(Stored records)
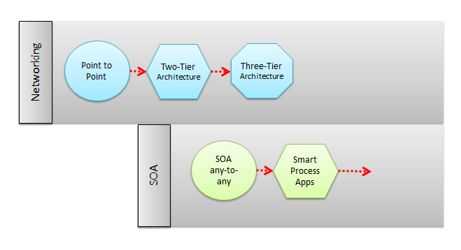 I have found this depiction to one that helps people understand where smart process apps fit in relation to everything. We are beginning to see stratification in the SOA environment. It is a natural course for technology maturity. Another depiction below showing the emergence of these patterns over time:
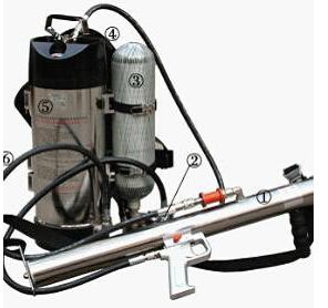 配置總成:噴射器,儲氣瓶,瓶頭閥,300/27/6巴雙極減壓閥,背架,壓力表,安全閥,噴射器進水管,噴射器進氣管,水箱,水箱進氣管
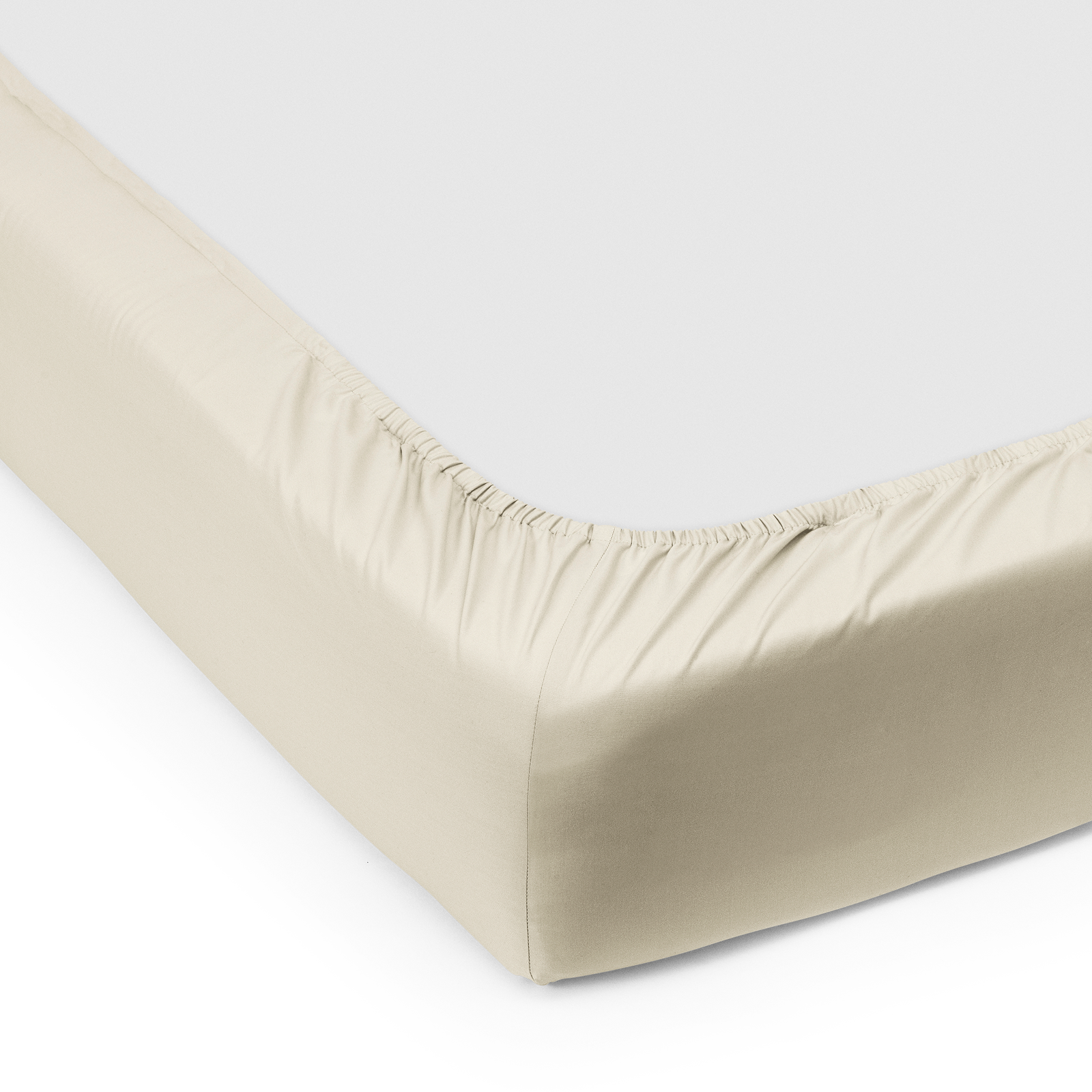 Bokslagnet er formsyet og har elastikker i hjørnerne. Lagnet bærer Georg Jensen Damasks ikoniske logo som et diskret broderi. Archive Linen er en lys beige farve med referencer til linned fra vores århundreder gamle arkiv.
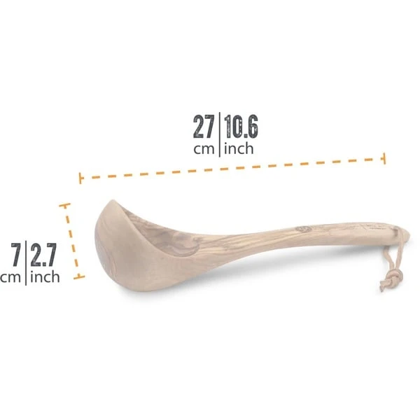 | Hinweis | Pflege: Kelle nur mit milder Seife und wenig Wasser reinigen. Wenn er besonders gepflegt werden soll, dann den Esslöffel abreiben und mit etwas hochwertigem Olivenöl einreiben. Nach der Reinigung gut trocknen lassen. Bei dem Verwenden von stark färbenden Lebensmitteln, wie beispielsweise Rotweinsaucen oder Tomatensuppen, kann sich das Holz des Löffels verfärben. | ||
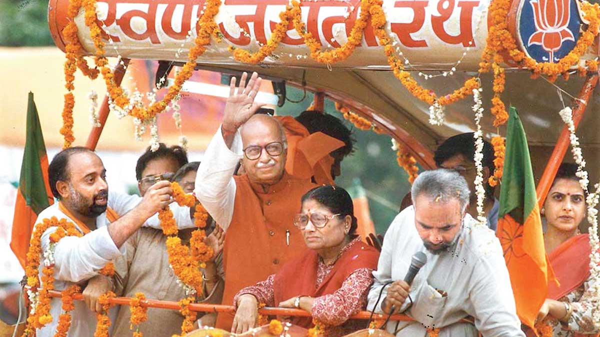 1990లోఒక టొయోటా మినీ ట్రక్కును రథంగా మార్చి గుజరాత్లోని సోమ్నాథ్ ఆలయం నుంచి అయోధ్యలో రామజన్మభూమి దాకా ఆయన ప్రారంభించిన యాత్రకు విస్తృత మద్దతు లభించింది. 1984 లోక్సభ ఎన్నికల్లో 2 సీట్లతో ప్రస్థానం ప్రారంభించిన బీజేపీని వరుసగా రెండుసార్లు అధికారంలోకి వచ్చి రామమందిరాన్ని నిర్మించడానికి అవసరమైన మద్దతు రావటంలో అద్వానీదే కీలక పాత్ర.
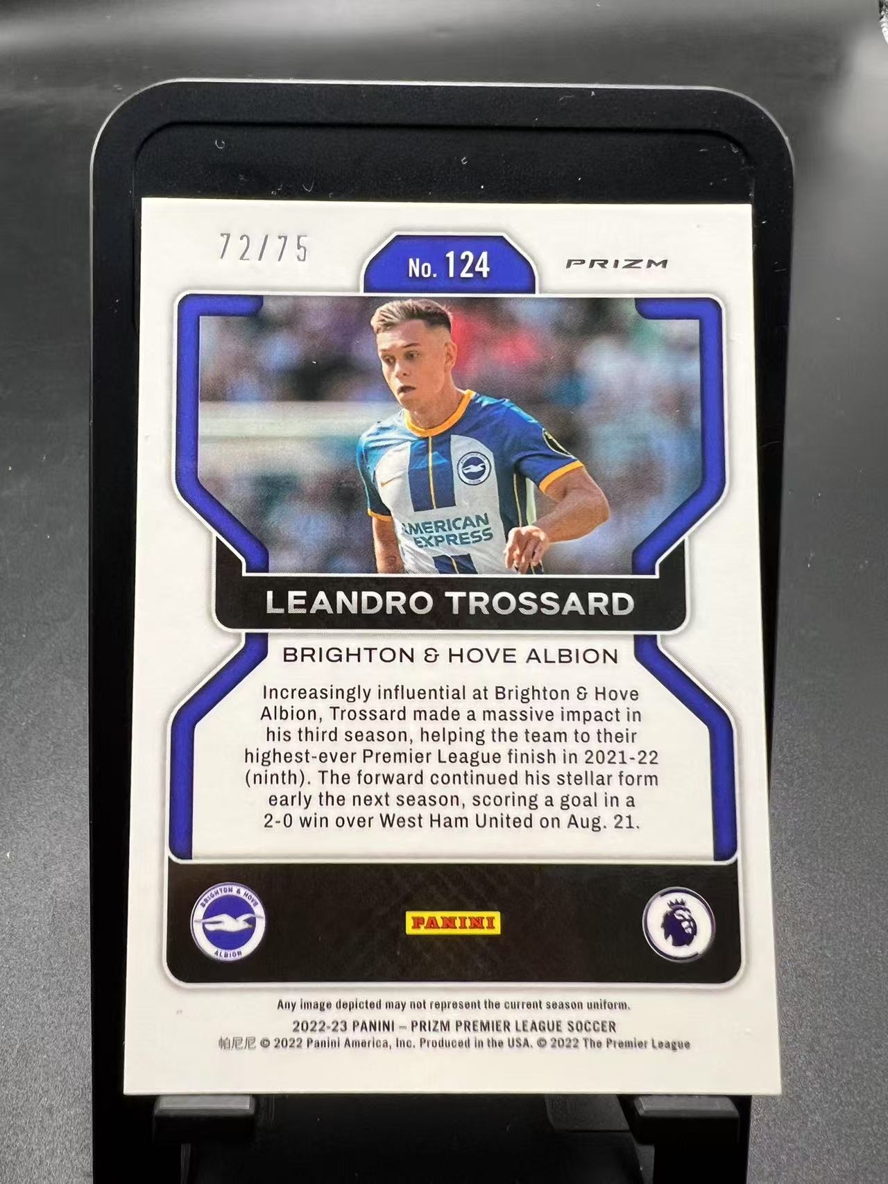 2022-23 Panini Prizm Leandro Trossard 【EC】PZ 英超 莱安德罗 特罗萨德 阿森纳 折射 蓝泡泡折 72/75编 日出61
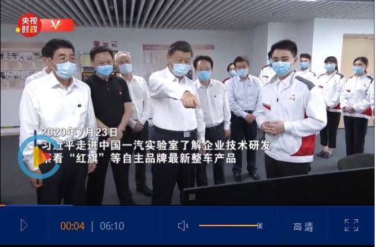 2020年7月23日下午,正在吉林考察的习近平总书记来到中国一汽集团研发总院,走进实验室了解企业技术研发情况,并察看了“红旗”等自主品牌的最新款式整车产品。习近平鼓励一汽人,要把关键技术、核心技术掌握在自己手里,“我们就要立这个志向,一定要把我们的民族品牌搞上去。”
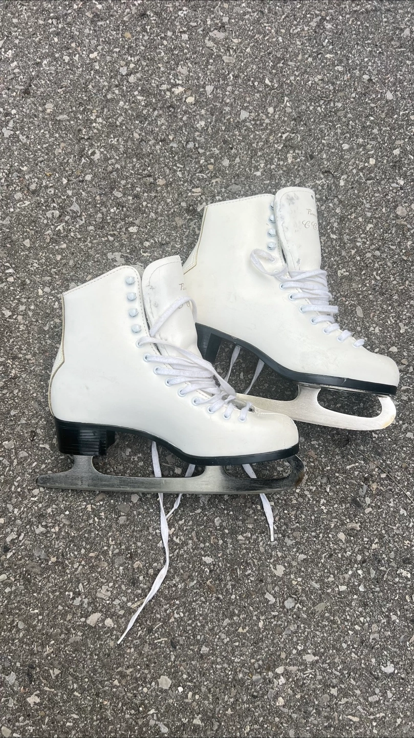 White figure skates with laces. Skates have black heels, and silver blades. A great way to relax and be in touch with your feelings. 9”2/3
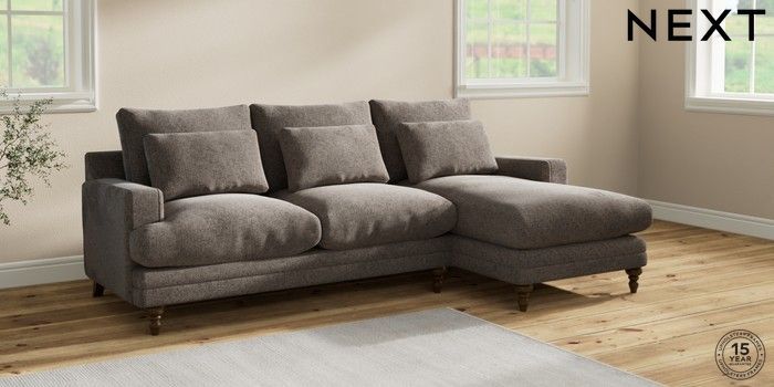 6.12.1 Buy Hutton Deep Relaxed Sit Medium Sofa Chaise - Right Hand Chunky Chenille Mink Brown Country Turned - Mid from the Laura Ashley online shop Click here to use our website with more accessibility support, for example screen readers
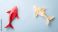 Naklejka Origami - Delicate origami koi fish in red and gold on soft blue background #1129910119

...

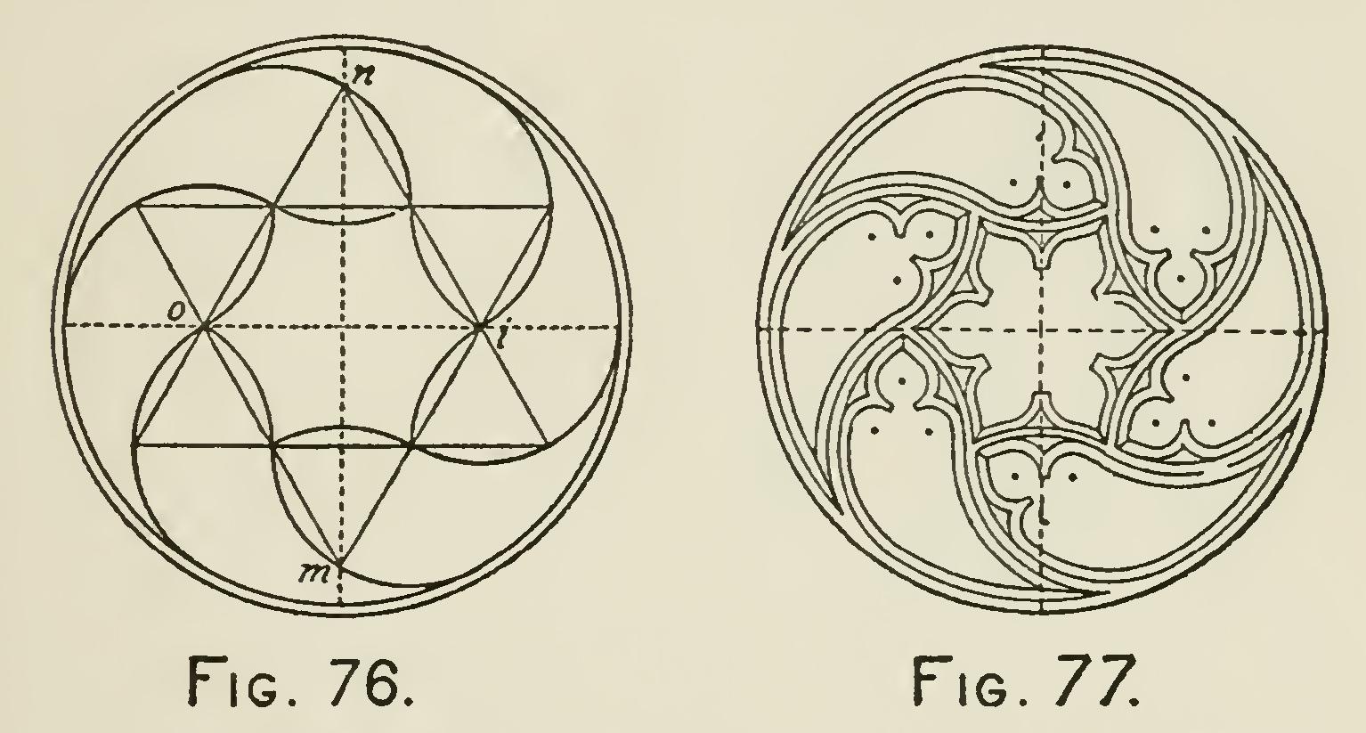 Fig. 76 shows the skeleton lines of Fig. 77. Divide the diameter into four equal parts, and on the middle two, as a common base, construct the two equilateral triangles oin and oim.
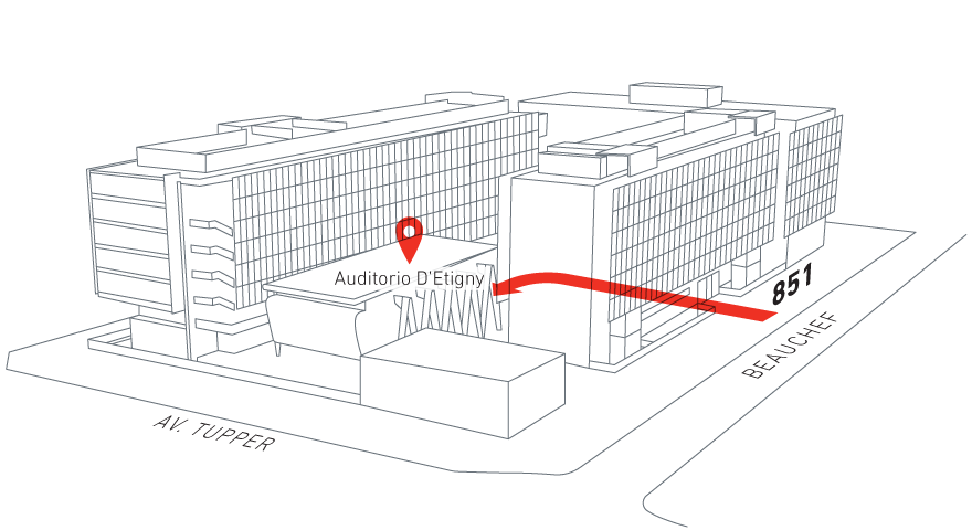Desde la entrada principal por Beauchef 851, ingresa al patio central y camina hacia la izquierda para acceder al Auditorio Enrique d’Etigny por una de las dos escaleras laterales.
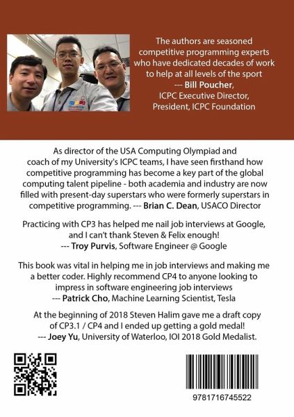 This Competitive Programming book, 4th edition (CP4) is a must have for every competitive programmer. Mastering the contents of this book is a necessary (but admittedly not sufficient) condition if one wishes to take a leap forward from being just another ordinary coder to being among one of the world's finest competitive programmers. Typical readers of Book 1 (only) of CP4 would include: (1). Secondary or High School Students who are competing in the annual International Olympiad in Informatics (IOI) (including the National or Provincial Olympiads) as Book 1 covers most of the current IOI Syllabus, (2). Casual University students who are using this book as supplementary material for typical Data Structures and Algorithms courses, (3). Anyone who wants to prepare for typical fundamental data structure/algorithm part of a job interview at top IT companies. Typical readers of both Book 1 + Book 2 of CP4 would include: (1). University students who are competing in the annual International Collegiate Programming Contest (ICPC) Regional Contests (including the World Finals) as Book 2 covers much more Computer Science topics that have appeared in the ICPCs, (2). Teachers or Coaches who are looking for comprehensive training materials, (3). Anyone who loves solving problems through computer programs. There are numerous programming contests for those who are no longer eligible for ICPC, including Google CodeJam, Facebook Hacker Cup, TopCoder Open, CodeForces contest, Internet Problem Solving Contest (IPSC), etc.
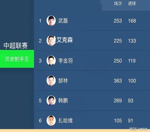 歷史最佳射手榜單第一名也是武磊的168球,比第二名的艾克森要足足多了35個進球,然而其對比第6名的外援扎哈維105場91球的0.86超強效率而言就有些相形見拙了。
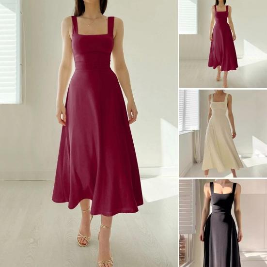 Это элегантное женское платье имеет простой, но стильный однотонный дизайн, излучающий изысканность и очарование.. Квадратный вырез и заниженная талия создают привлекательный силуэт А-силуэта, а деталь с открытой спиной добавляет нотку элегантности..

#### [Your instructions]
Using the records above, print exactly the lines between the ones containing "配置總成:噴射器,儲氣瓶,瓶" and "Bokslagnet er formsyet", inclusive, and nothing else; no pictures.

#### [Answer to the problem]
 配置總成:噴射器,儲氣瓶,瓶頭閥,300/27/6巴雙極減壓閥,背架,壓力表,安全閥,噴射器進水管,噴射器進氣管,水箱,水箱進氣管
 Bokslagnet er formsyet og har elastikker i hjørnerne. Lagnet bærer Georg Jensen Damasks ikoniske logo som et diskret broderi. Archive Linen er en lys beige farve med referencer til linned fra vores århundreder gamle arkiv.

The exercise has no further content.